-- The input follows --

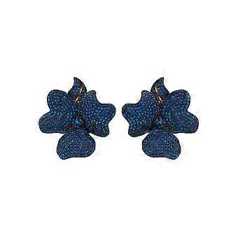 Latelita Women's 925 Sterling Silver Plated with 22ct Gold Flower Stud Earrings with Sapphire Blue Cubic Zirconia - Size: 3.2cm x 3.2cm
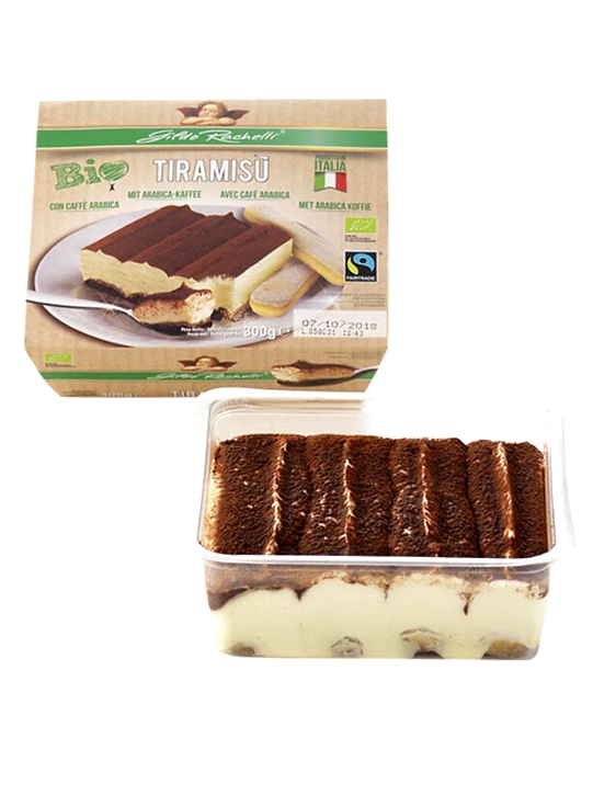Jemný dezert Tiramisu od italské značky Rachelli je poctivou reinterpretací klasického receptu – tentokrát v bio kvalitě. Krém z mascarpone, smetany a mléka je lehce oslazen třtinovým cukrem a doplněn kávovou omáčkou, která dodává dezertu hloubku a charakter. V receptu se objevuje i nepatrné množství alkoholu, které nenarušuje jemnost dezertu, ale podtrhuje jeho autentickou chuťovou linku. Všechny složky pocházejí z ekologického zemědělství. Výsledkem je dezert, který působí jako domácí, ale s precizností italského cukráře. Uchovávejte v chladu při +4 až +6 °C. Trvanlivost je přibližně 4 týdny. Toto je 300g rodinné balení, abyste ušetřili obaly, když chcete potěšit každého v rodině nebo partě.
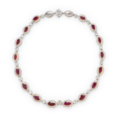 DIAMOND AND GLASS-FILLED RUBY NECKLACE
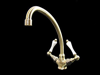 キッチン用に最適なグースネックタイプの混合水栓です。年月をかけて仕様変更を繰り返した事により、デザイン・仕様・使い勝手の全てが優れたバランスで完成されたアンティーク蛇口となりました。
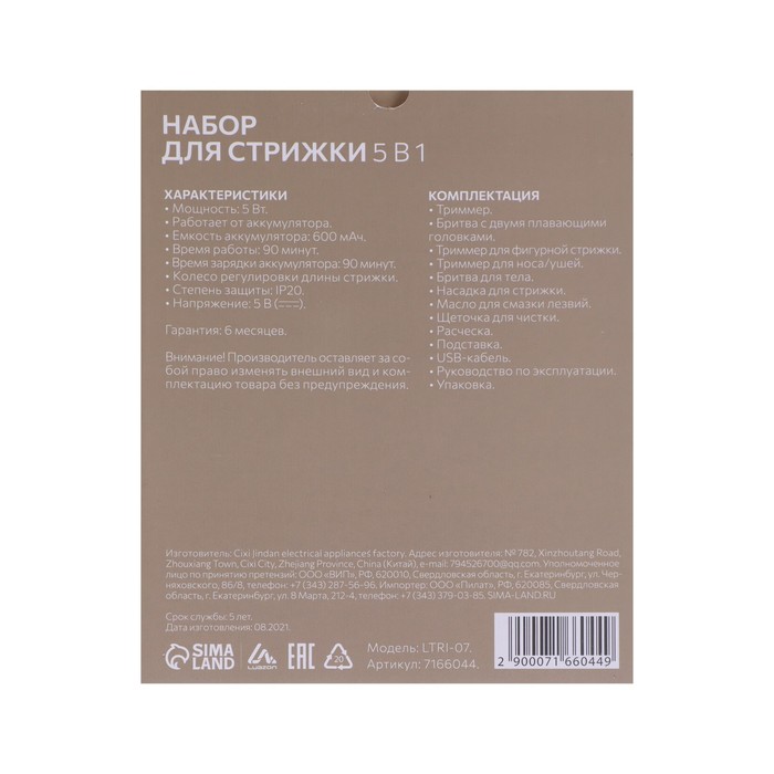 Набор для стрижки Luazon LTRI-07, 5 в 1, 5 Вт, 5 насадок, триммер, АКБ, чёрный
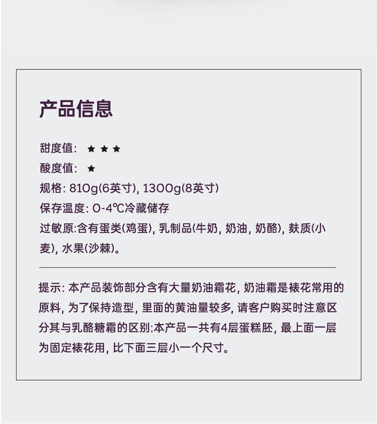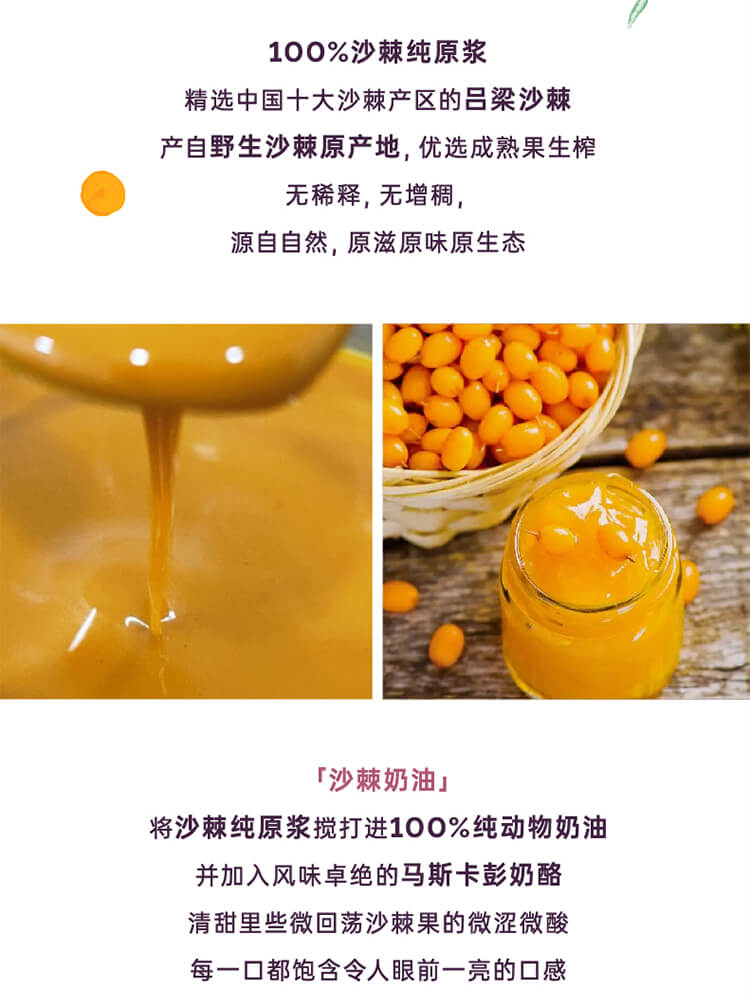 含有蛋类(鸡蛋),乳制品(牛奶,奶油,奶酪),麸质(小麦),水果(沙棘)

-- The input concluded --

What is needed: The entries above should be reproduced exactly, without their pictures.

Answer to this task:
 Latelita Women's 925 Sterling Silver Plated with 22ct Gold Flower Stud Earrings with Sapphire Blue Cubic Zirconia - Size: 3.2cm x 3.2cm
Jemný dezert Tiramisu od italské značky Rachelli je poctivou reinterpretací klasického receptu – tentokrát v bio kvalitě. Krém z mascarpone, smetany a mléka je lehce oslazen třtinovým cukrem a doplněn kávovou omáčkou, která dodává dezertu hloubku a charakter. V receptu se objevuje i nepatrné množství alkoholu, které nenarušuje jemnost dezertu, ale podtrhuje jeho autentickou chuťovou linku. Všechny složky pocházejí z ekologického zemědělství. Výsledkem je dezert, který působí jako domácí, ale s precizností italského cukráře. Uchovávejte v chladu při +4 až +6 °C. Trvanlivost je přibližně 4 týdny. Toto je 300g rodinné balení, abyste ušetřili obaly, když chcete potěšit každého v rodině nebo partě.
 DIAMOND AND GLASS-FILLED RUBY NECKLACE
 キッチン用に最適なグースネックタイプの混合水栓です。年月をかけて仕様変更を繰り返した事により、デザイン・仕様・使い勝手の全てが優れたバランスで完成されたアンティーク蛇口となりました。
 Набор для стрижки Luazon LTRI-07, 5 в 1, 5 Вт, 5 насадок, триммер, АКБ, чёрный
 含有蛋类(鸡蛋),乳制品(牛奶,奶油,奶酪),麸质(小麦),水果(沙棘)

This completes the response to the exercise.